Filling up your propane tank at the local gas station or grocery store won't cost nearly as much as previous years as some prices are at record lows.

Prices have plunged as supply is high, storage facilities have hit near capacity and there hasn't been nearly as much demand in recent years.

Experts suggest it's OK to let the grill warm up a little more than usual this year, without breaking the bank.

"Propane is very weak," said Gerry Goobie, an engineer with Gas Processing Management, a consulting firm in Calgary that works with the gas industry. "Over the last year or so, demand has not been very strong for propane, largely because of the warm winter, limited demand for crop drying, home heating, petrochemicals."

It's a welcome change for people who were hit with a massive spike in prices and a propane shortage in early 2014. Bills skyrocketed, especially for those people who rely on propane to heat their homes or use the fuel to run their trucking fleets. At the time, the problem was so bad that then-energy minister Joe Oliver ordered the Competition Bureau and National Energy Board to investigate the propane market.

While retail prices peaked at $1.11 per litre in early 2014, the cost has now dropped to 59 cents a litre. That's the price for auto propane, which is used for vehicles and barbecue tanks. The cost of propane for home heating is typically a little lower because it is purchased in bulk. The average retail price hasn't been this low in Canada since 2009.

"We are awash in propane," said Dirk Lever, an energy researcher and analyst with Altacorp Capital in Calgary. "Propane prices in the U.S. have hit a record low."

You don't need to rush to fill up your tank, as prices aren't expected to change this summer.

"Supplies continue to surge, we have a glut," said Peter Argiris, an analyst with oil and gas research firm Wood Mackenzie.

Pay to take it away

Propane is not only used for barbecues and patio heaters, but for several other uses such as for heating homes in some rural areas of the country, as a vehicle fuel, and to dry crops such as corn, among other applications.
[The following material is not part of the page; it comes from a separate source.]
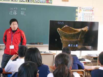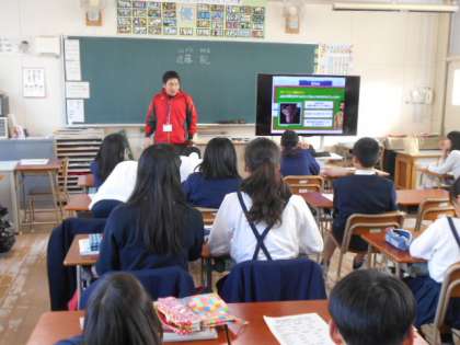 写真は3組の社会の出前授業です。動画や映像資料を活用しながら、時々クイズが出るのででみんな必死に答えていました。

For producers of propane, the market is causing a significant headache. Some companies have given up hope of selling their propane and are actually paying to get rid of it.

The majority of Canada's propane is produced in Alberta. Supplies are so high in that province, the gas is practically worthless.

"It's very bad in Edmonton. We've actually had reports of negative propane prices," says Goobie. "They are not paying you to take it away, unfortunately, from a consumer's perspective."

Storage facilities in Western Canada are holding record high inventories of propane, according to the National Energy Board. The value of propane is higher elsewhere in the country and continent, but producers are having a tough time shipping the propane out of Alberta.

Alberta backlog

There is only one pipeline that transports propane out of Alberta, the Enbridge Mainline, which flows propane as a mix of liquids, primarily to Sarnia, Ont. Otherwise, propane is hauled by rail. The problem is a backlog on the railways. A pair of new railway terminals may help alleviate the propane supply pressures.

The backlog of propane in Edmonton has caused record low prices for producers. In mid-May, wholesale propane prices at hubs in Ontario and Kansas traded at around 56 and 43 U.S. cents per gallon, respectively. In Edmonton, the price was just three U.S. cents per gallon. 

Propane and certain other types of gases are considered natural gas liquids (NGLs). Others, including butane and ethane, have also seen price drops.

The majority of NGLs are produced in Canada by processing natural gas. They can also be produced when oil is refined. NGLs are naturally contained inside natural gas and oil. Back in the '60s, NGLs were often flared off because they were undesirable, seen as a useless byproduct of oil and natural gas production. Now, producers have to find a market for them.

Modern technology

A few years ago, NGLs were a lucrative market and a way for companies to add extra profit to the barrel of oil or natural gas they were producing. But with current prices, NGLs can actually cut into profit for some companies in Alberta.

"Storage is full, producers continue to produce, they have to pay somebody to actually take it way," says Goobie.

Analysts see a connection between the over supply of propane and the global glut of oil.

"This is what happens with modern technology. There is a huge rush to supply, it overwhelms the marketplace, and it takes time to figure out what level of drilling is needed, how we go forward," says Lever.

"Modern drilling and technology have been a game changer. It has created a lot more hydrocarbons than was ever considered possible 10 years ago. When you get steep change like that, everybody has to re-calibrate constantly."